Positive feelings brewing for Sozo's coffee shop in Export
By Julie E. Martin
Published: Wednesday, Jan. 30, 2013, 9:00 p.m.
Something's brewing at an Export coffee shop, and it's a lot more than lattes.
Sozo's, located at 5847 Washington Ave., is dedicated to creating a safe hangout for young people and a place that offers fellowship for those of all ages.
The couple behind the venture, Becky and Bill Snyder of Murrysville, opened Sozo's in June with the intent of creating a place that wouldn't cost teens anything and provided a positive environment.
“Everyone is welcome,” Becky Snyder said. “We have a game room for kids and food and fellowship for everyone. Usually, sometime during the evening, we share something from the Bible. We have a group of volunteers from local churches who come to help maintain a safe atmosphere.”
The coffee and snacks are served for free, and the place is more like a drop-in center, she said. Sozo's is open from 7 to 10 p.m. Friday and Saturday nights.
The Snyders are founders of His Hand Extended Ministries, shortened to His HEM. The Christian nonprofit is close to 10 years old. His HEM also operates a thrift shop in the Mamont section of Export.
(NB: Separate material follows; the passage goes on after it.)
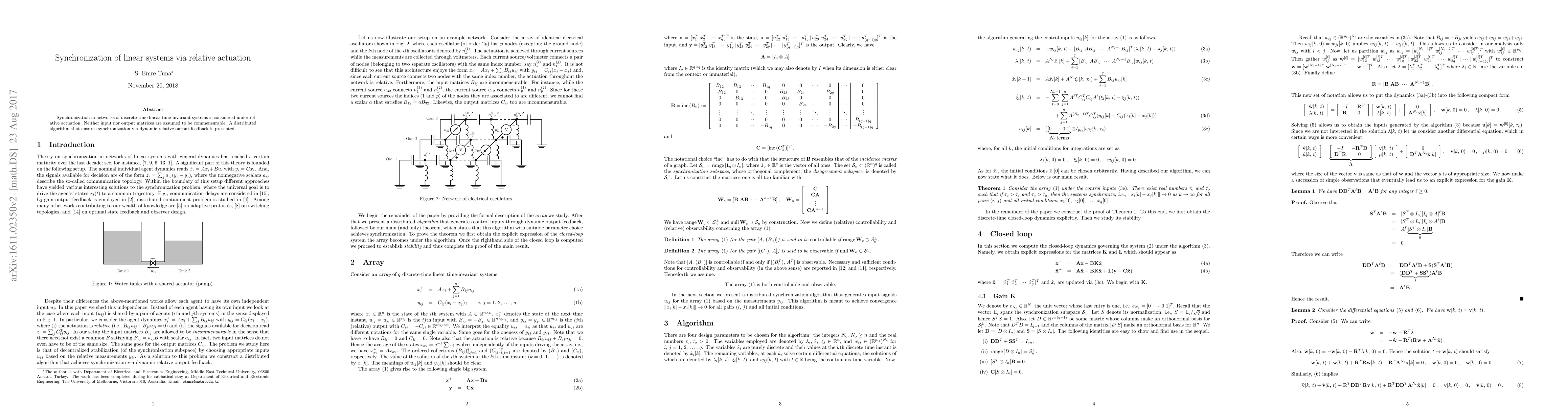 Synchronization in networks of discrete-time linear time-invariant systems is considered under relative actuation. Neither input nor output matrices are assumed to be commensurable. A distributed algorithm that ensures synchronization via dynamic relative output feedback is presented.

That venture helps to benefit the community and now also supports the efforts of Sozo's.
“I guess our main purpose is to preach the gospel of Jesus Christ in word and deed, and we hope to do that through our outreach to the community through thrift store and now at Sozo's coffeehouse,” Becky Snyder said.
Sozo's has been regularly attracting local teens. Among recent events were Christian music concerts, a fundraiser for a drug-abuse treatment center, Bible studies, a tea and dub step music.
“We are happy with the crowd we have now, but would love to see more kids come in,” she said.
Sozo's soon will begin holding a women's Christian meeting at 10 a.m. on the last Tuesday of each month. The event will feature speakers from various backgrounds. The event is open to all women in the community.
The Snyders said they are pleased with Sozo's progress, and they emphasize that they can't take all the credit for its success. They attribute that to volunteers who have stepped forward to work with them. Becky Snyder said they have “become dear friends.”
“This ministry could not exist without the help from friends and volunteers who have dedicated themselves to serve alongside us,” she said.
Julie E. Martin is a freelance writer for Trib Total Media.